Dash solves this with 6 layers of grounded context and a learning loop that captures every fix. The knowledge base functions like manually-editable model weights: update retrieval context, not neural network parameters.

Checkout the [repo](https://github.com/agno-agi/dash) for more details.

## How It Works

Dash is a team of three agents coordinated by a leader:

| Agent        | Role                                                              |
| ------------ | ----------------------------------------------------------------- |
| **Analyst**  | Reads company data (read-only), generates SQL, interprets results |
| **Engineer** | Builds reusable views and summary tables in the `dash` schema     |
| **Leader**   | Routes queries, coordinates the team, posts to Slack              |

**Schema boundaries:** Company data lives in the `public` schema (read-only). Agent-created views and summary tables live in the `dash` schema. The Analyst's SQL tools enforce read-only at the PostgreSQL level, not just in prompts.

### Six Layers of Context

| Layer                       | Purpose                              | Source                      |
| --------------------------- | ------------------------------------ | --------------------------- |
| **Table Usage**             | Schema, columns, relationships       | `knowledge/tables/*.json`   |
| **Human Annotations**       | Metrics, definitions, business rules | `knowledge/business/*.json` |
| **Query Patterns**          | SQL that is known to work            | `knowledge/queries/*.sql`   |
| **Institutional Knowledge** | Docs, wikis, external references     | MCP (optional)              |
| **Learnings**               | Error patterns and discovered fixes  | Agno `LearningMachine`      |
| **Runtime Context**         | Live schema changes                  | `introspect_schema` tool    |

### Self-Learning

Two paths run in parallel: the **online path** answers questions using retrieved context, the **offline path** captures learnings for future queries. Dash improves without retraining or fine-tuning:

| System        | Stores                                           | How It Evolves                                |
| ------------- | ------------------------------------------------ | --------------------------------------------- |
| **Knowledge** | Validated queries, table schemas, business rules | Curated by your team and refined by Dash      |
| **Learnings** | Error patterns, column quirks, team conventions  | Managed automatically by the Learning Machine |

When a query fails because `position` is TEXT and not INTEGER, Dash saves that. Next time, it knows. When your team is focused on IPO prep, Dash learns that "revenue" means ARR, not bookings, and that the board wants cohort retention broken out by enterprise vs SMB.
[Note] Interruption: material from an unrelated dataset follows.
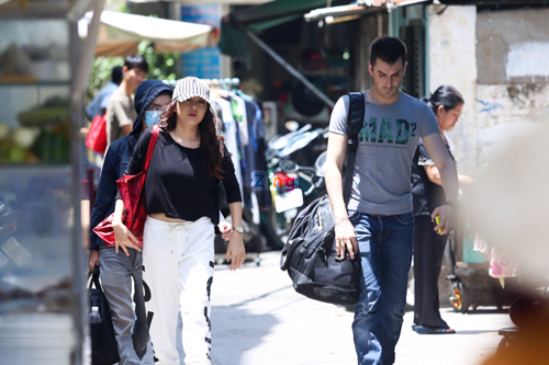 Trưa 16/5, trong cái nắng gay gắt của Sài Gòn, nữ ca sĩ được bạn nhảy Atanas đến tận nhà riêng đón đi ăn. Hot girl "The Voice" đưa chìa khóa xe để chàng trai cầm lái dù anh còn "lóng ngóng" đường phố nơi đây.

### Insights, Not Just Rows

Dash reasons about what makes an answer useful, not just technically correct.

**Question:** Who won the most races in 2019?

| Typical SQL Agent | Dash                                                                                                                                                     |
| ----------------- | -------------------------------------------------------------------------------------------------------------------------------------------------------- |
| `Hamilton: 11`    | Lewis Hamilton dominated 2019 with **11 wins out of 21 races**, more than double Bottas's 4 wins. This performance secured his sixth world championship. |

## Run Locally

See [Setup guide](/tutorials/dash/setup) for detailed instructions.

```bash theme={null}
git clone https://github.com/agno-agi/dash.git && cd dash

cp example.env .env
# Edit .env and add your OPENAI_API_KEY

docker compose up -d --build

# Generate sample data and load knowledge
docker exec -it dash-api python scripts/generate_data.py
docker exec -it dash-api python scripts/load_knowledge.py
```

Confirm Dash is running at `http://localhost:8000/docs`.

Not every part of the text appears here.